Your assignment: In the entries below, which lines run from the one with "西部数据(WD) 1TB 移动固态硬盘(PSSD)Elements" through the one with "下图是PLC的一个简单的设备"? Repeat exactly those, both included, and no pictures.

Record extracts:
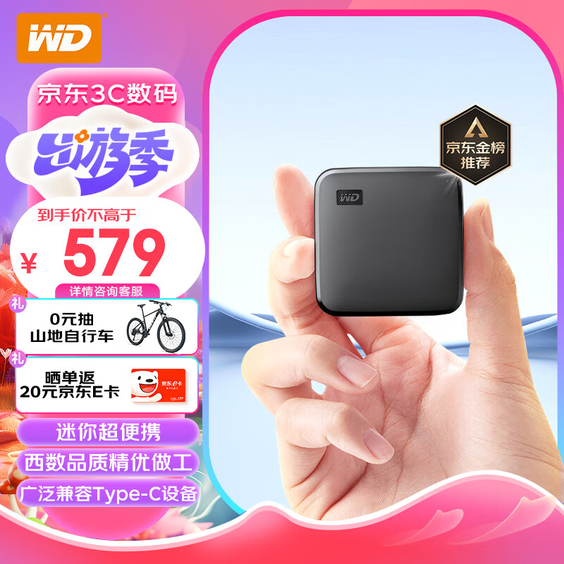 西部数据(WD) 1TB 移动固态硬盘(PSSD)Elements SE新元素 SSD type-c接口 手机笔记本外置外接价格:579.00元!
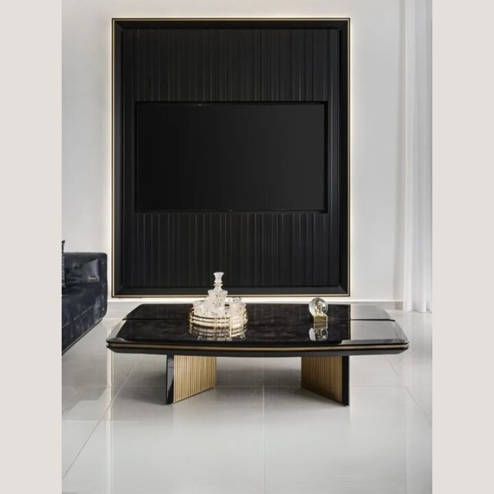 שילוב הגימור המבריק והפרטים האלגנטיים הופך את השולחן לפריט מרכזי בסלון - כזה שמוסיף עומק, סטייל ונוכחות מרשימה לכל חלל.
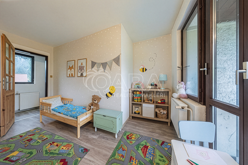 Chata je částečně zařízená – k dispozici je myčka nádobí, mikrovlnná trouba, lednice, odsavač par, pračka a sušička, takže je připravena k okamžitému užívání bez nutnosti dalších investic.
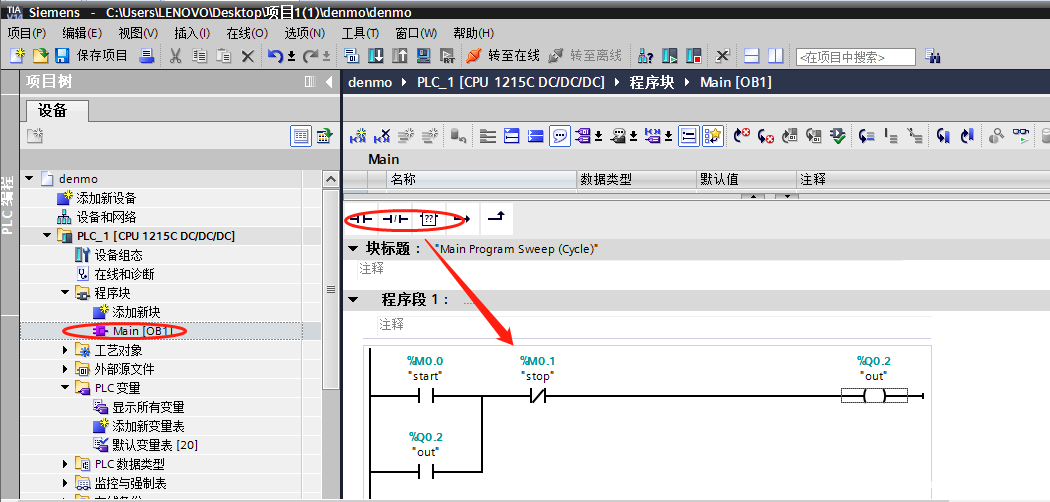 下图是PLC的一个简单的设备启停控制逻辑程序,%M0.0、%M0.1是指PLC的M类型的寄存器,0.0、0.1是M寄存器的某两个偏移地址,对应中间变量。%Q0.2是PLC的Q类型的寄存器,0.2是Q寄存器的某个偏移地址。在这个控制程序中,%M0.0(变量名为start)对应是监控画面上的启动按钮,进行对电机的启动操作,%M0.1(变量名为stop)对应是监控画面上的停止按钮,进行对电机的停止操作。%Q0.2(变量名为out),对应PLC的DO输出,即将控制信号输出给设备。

* * *

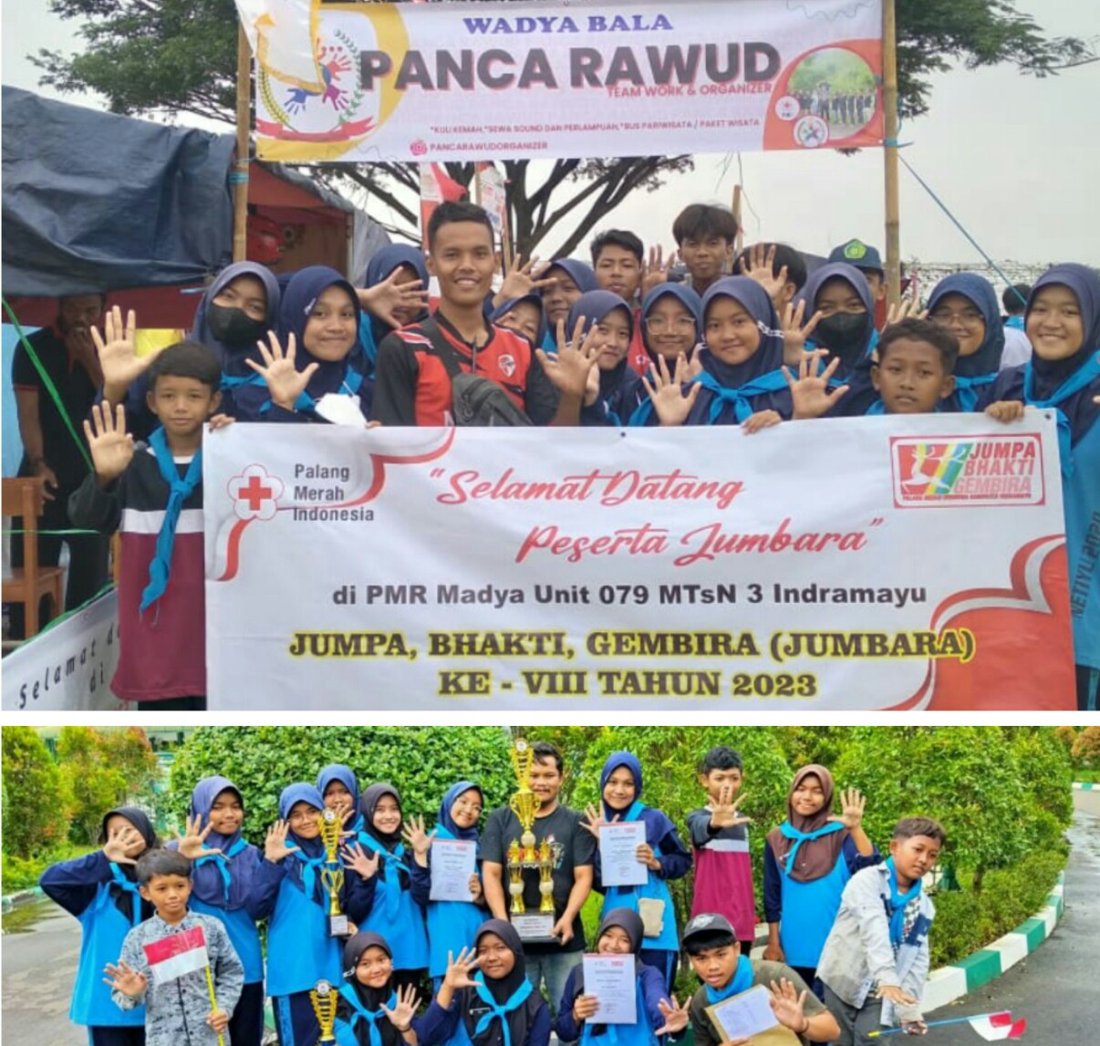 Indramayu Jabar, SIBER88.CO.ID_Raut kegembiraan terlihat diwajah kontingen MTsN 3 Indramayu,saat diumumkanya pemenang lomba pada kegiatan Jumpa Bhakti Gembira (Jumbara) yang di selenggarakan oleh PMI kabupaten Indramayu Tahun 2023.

Answer for this exercise:
 西部数据(WD) 1TB 移动固态硬盘(PSSD)Elements SE新元素 SSD type-c接口 手机笔记本外置外接价格:579.00元!
 שילוב הגימור המבריק והפרטים האלגנטיים הופך את השולחן לפריט מרכזי בסלון - כזה שמוסיף עומק, סטייל ונוכחות מרשימה לכל חלל.
 Chata je částečně zařízená – k dispozici je myčka nádobí, mikrovlnná trouba, lednice, odsavač par, pračka a sušička, takže je připravena k okamžitému užívání bez nutnosti dalších investic.
 下图是PLC的一个简单的设备启停控制逻辑程序,%M0.0、%M0.1是指PLC的M类型的寄存器,0.0、0.1是M寄存器的某两个偏移地址,对应中间变量。%Q0.2是PLC的Q类型的寄存器,0.2是Q寄存器的某个偏移地址。在这个控制程序中,%M0.0(变量名为start)对应是监控画面上的启动按钮,进行对电机的启动操作,%M0.1(变量名为stop)对应是监控画面上的停止按钮,进行对电机的停止操作。%Q0.2(变量名为out),对应PLC的DO输出,即将控制信号输出给设备。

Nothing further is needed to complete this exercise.